Thing is, you've heard things Josh Billings said, but you don't recognize them as his. First of all, that line -- "In the whole history of the world there is but one thing that money can not buy... to wit the wag of a dog's tail," was featured in Disney's "Lady and the Tramp."But infinitely more famous is this little four-liner:

I hate to be a kicker,
I always long for peace,
But the wheel that does the squeaking,
Is the one that gets the grease.

Yep, every time you say "It's the squeaky wheel that gets the grease," you're paraphrasing Josh Billings.

For "The Treasury of Laughter," Untermeyer chose two pieces, the first of which we'll discuss here. It's called "The Mule." Behold:

The mule is haf hoss, and haf Jackass, and then kums to a full stop, natur diskovering her mistake.

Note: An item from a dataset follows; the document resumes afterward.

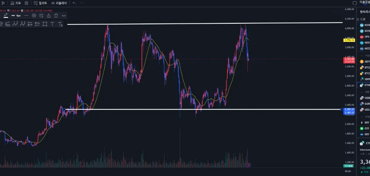 지지 저항, 추세파악을 통해 가격이 예측하는 방법 확인하기 미션 처음 작도 하는데 제가 보기에는 박스권에서 지금 횡보하고 있다고 생각합니다. 2300에서 지지하고 있고 4300에서 저항하고 있다고 생각합니다. 처음이라 아직 잘 못하지만 30일 동안 열심히 하겠습니다. 감사합니다.
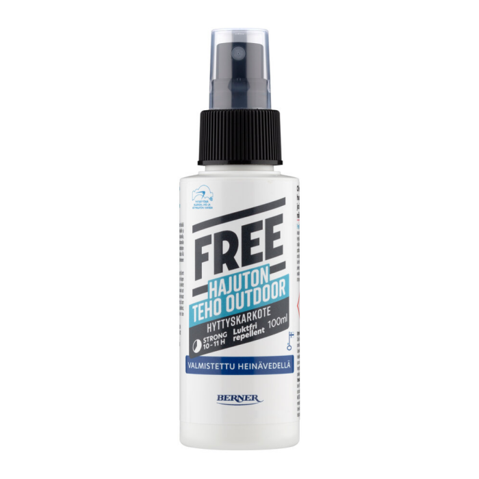Hyttysten, punkkien, paarmojen, mäkäräisten ja polttiaisten karkottamiseen iholta. Free Outdoor on hajuton tehotuote, joka sopii vaativiinkin olosuhteisiin. Tuote antaa pitkäaikaisen tehon jopa 10–11 tunnin ajaksi hyttysiä ja punkkeja vastaan. Tuote valmistetaan Suomessa, Heinävedellä ja sillä on Avainlippu-tunnus. Tehoaine: ikaridiini 20,6% Pakkauskoko: 100ml Noudata käyttöohjeita.

Tha weigh more, akordin tu their heft, than enny other kreetur, except a crowbar. Tha kant hear anny quicker, nor further than the hoss, yet their ears are big enuff for snow shoes. You kan trust them with enny one whose life aint worth enny more than the mules. The only wa tu keep them into a paster, is tu turn them into a medder jineing, and let them jump out. Tha are reddy for us, just as soon as they will du tu abuse. Tha haint got enny friends, and will live on huckel berry brush, with an ockasional chanse at Kanada thissels. Tha are a modern invenshun, i dont think the Bible deludes tu them at tall. Tha sel for more money than enny other domestik animile. Yu kant tell their age by looking into their mouth, enny more than you could a Mexican cannons.

And it goes on like this.

Tha are the strongest creeturs on earth, and heaviest, ackording tu their size; i her tell ov one who fell oph from the tow path, on the Eri kanawl, and sunk as soon as he touched bottom, but he kept rite on towing the boat tu the nex stachun, breathing thru his ears, which stuck out ov the water about 2 feet six inches; i didn't see this did, but an auctioneer told me ov it, and i never knew an auctioneer tu lie unless it was absolutely convenient.

Music to the ears of Henry Higgins, I'm sure. We kind of hear echoes of Billings in the twang and slang written by contemporary Mark Twain and in any string of radio comics, from the Old Timer on Fibber McGee and Molly to Amos 'n' Andy's Silverfish. This kind of folksy hokum is pretty much extinct today, being heard only in whispers of Rancid Crabtree in Pat McManus' delightful reminisces. Garrison Kellior is too progressive and urbane for this kind of tomfoolery, fortunately enough for us. He's ugly enough without this kind of misdirected language coming out of his puss.

Billings' death was ignominious, but remembered. Per Wikipedia:

Billings' death is described in Chapter 12 of John Steinbeck's fictional Cannery Row. According to Steinbeck's homage, Billings died in the the Hotel del Monte in Monterey after which his body was delivered for burial preparation by the local constable to the town's only doctor, who also doubled as an amateur mortician. The doctor, per his usual embalming protocol, dispensed of Billings' entrails by tossing them into the gulch behind his house before packing the torso with sawdust. The stomach, liver and intestines were found in the gulch the following morning by a dog whose master, a small boy, intended on using them for fish bait. Some local men, realizing the disgrace this could bring to Monterey -- a town proud of its literary heritage -- were able to stop the boy as he was preparing to row out to sea, retrieved the "tripas" and forced the doctor to give Billings' organs a proper burial befitting a great author.